The point of war isn't to die for your country, it's to make the other bastard die for his. -George S. Patton I do not know what weapons World War 3 will be fought with, but World War 4 will be fought with sticks and stones. -Albert Einstein Yes, I was a HUGE buff on Call of Duty Classic. Back in the day. Back when it was the most skillful military shooter you had. The weapons were so underpowered all around. You had to force them to work right. You had to position your enemy and know about them in advance to get the opening for a kill. You had to watch carefully for guys coming out of nowhere. One of my less faves: A man will work long and hard for a piece of colored ribbon. -Napoleon Bonaparte
"I don't trust a man that doesn't have something strange going on about him, cause that means he is hiding it from you. if a man is wearing his pants on his head or says words backwards from time to time, you know he is all laid out there for you. but if he is friendly to strangers and keeps his home spick-and-span, more often then not it means he is done something even his own ma couldn't forgive." No-bark Noonan from fallout new vegas.

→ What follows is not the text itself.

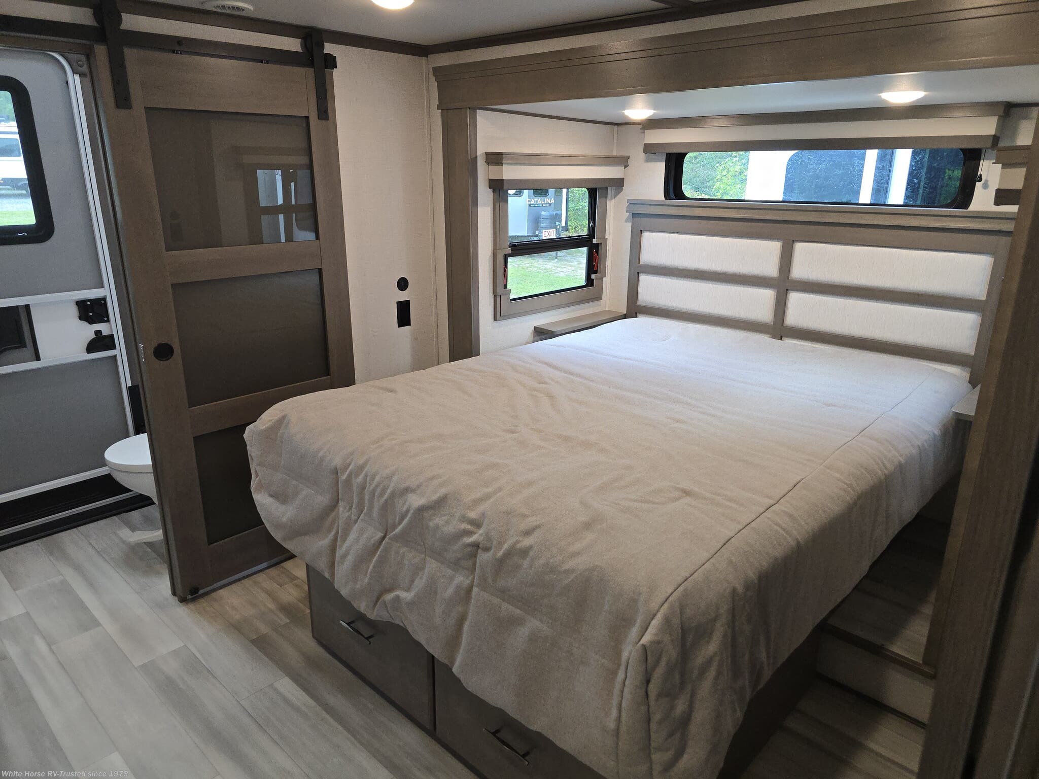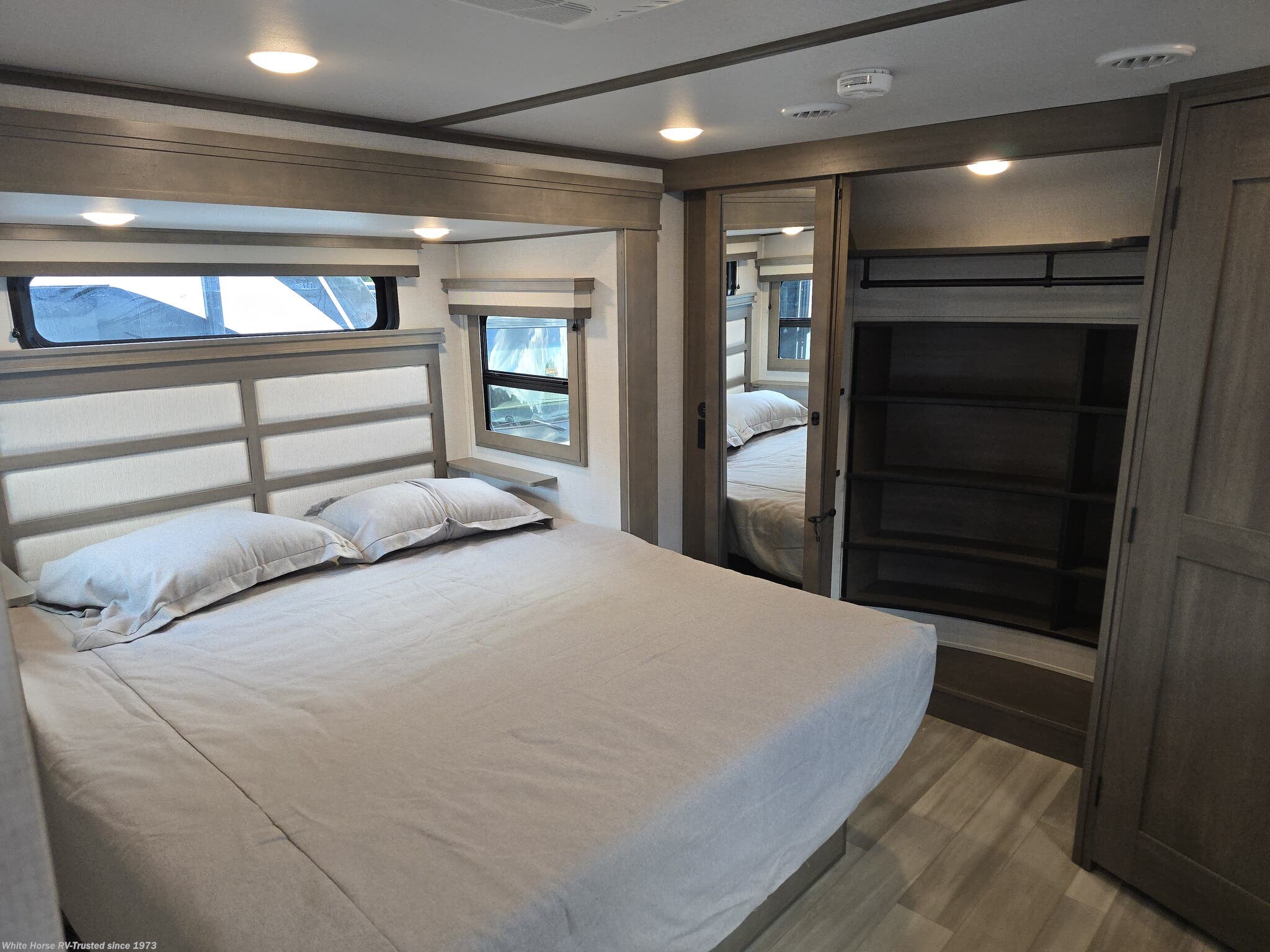 Prepped and ready in the rear suite—ideal for long stays or full-time RVers. -
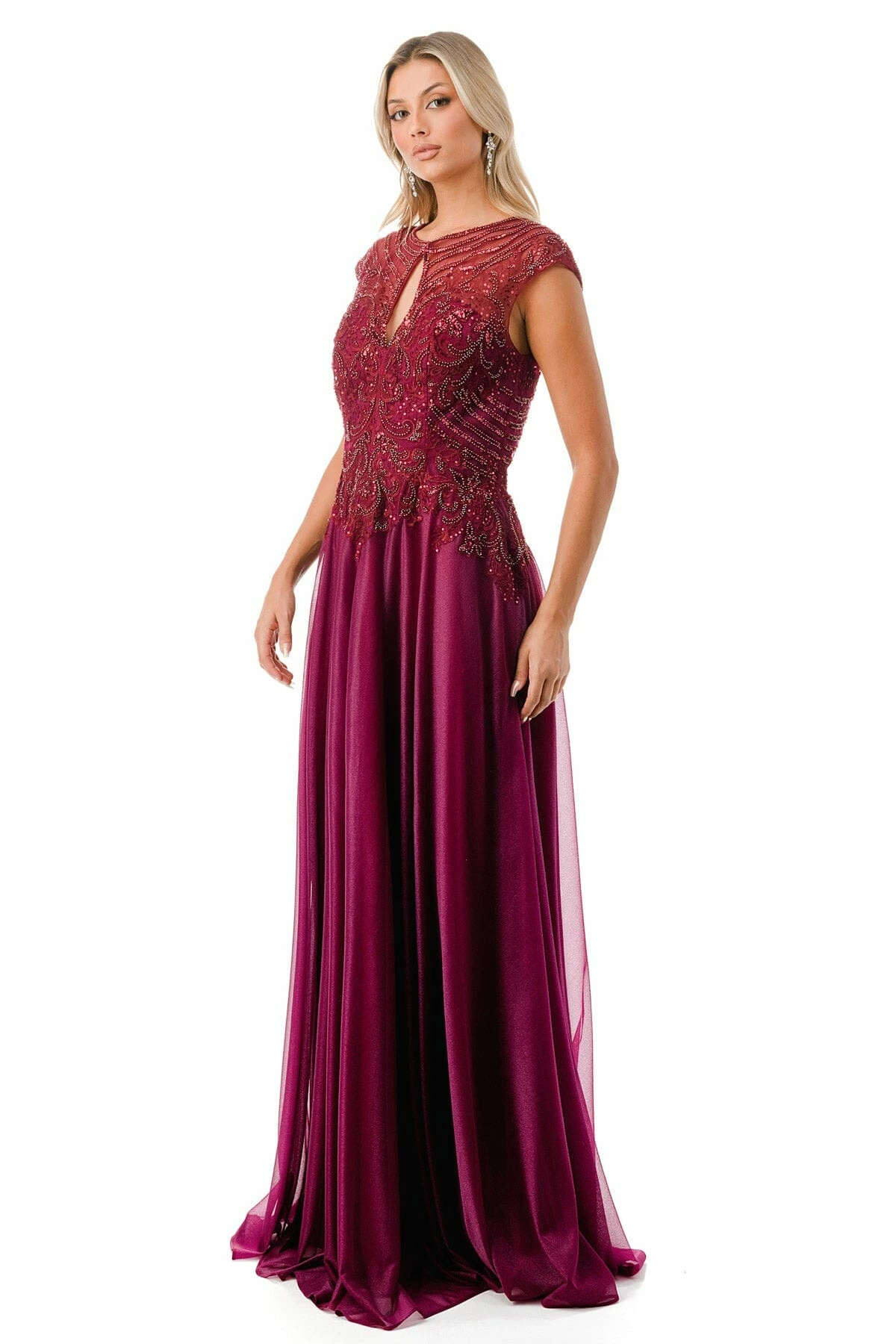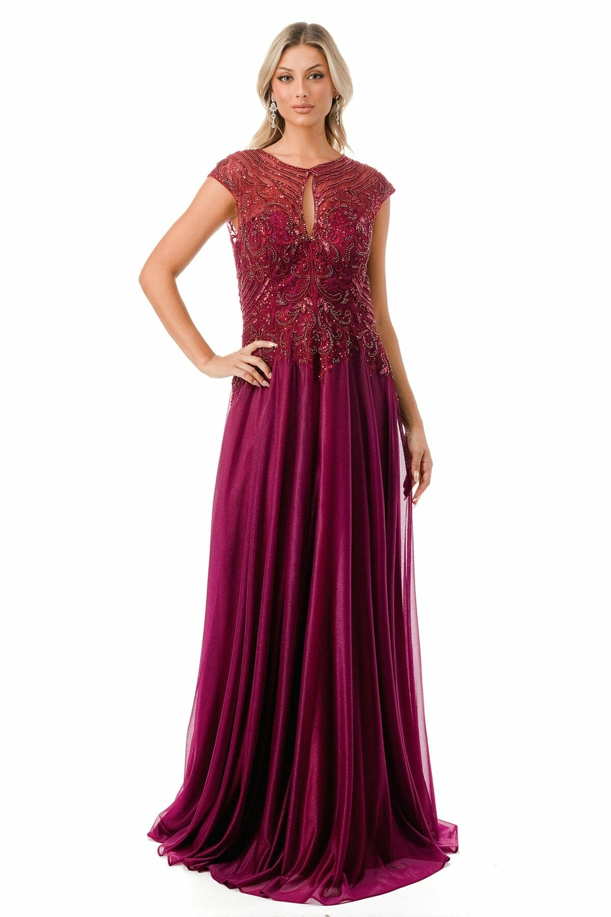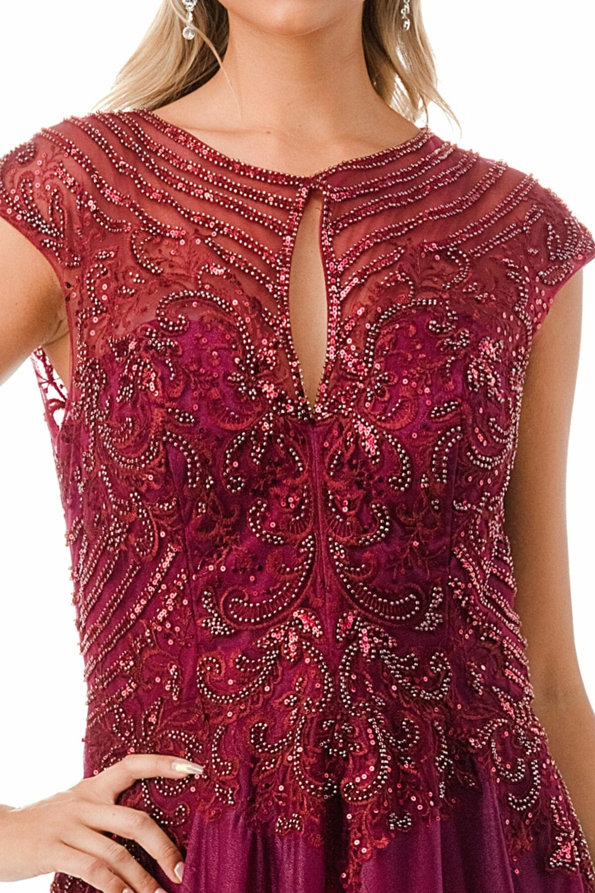 - Bead Embroidered Cap Sleeve A-line Gown by Coya M2736Y

We are, when viewed upon with eyes muddled by the earth, in the situation of train passengers stranded in a long tunnel, exactly at a point where you can no longer see the light of the entrance, but where the light of the exit is so small, that the vision constantly has to retrieve it and has always lost it. But everywhere around around us we see, in the confusion of the senses or in the over sensitivity of the senses, nothing but monsters and, according to the mood and wounds of the individual, a delectable or an exhausting kaleidoscopic spectacle. What shall I do? Or: Why will I do it? aren't questions of these places. -Franz Kafka, Trainpassengers (my own translation so it's a bit weird in places)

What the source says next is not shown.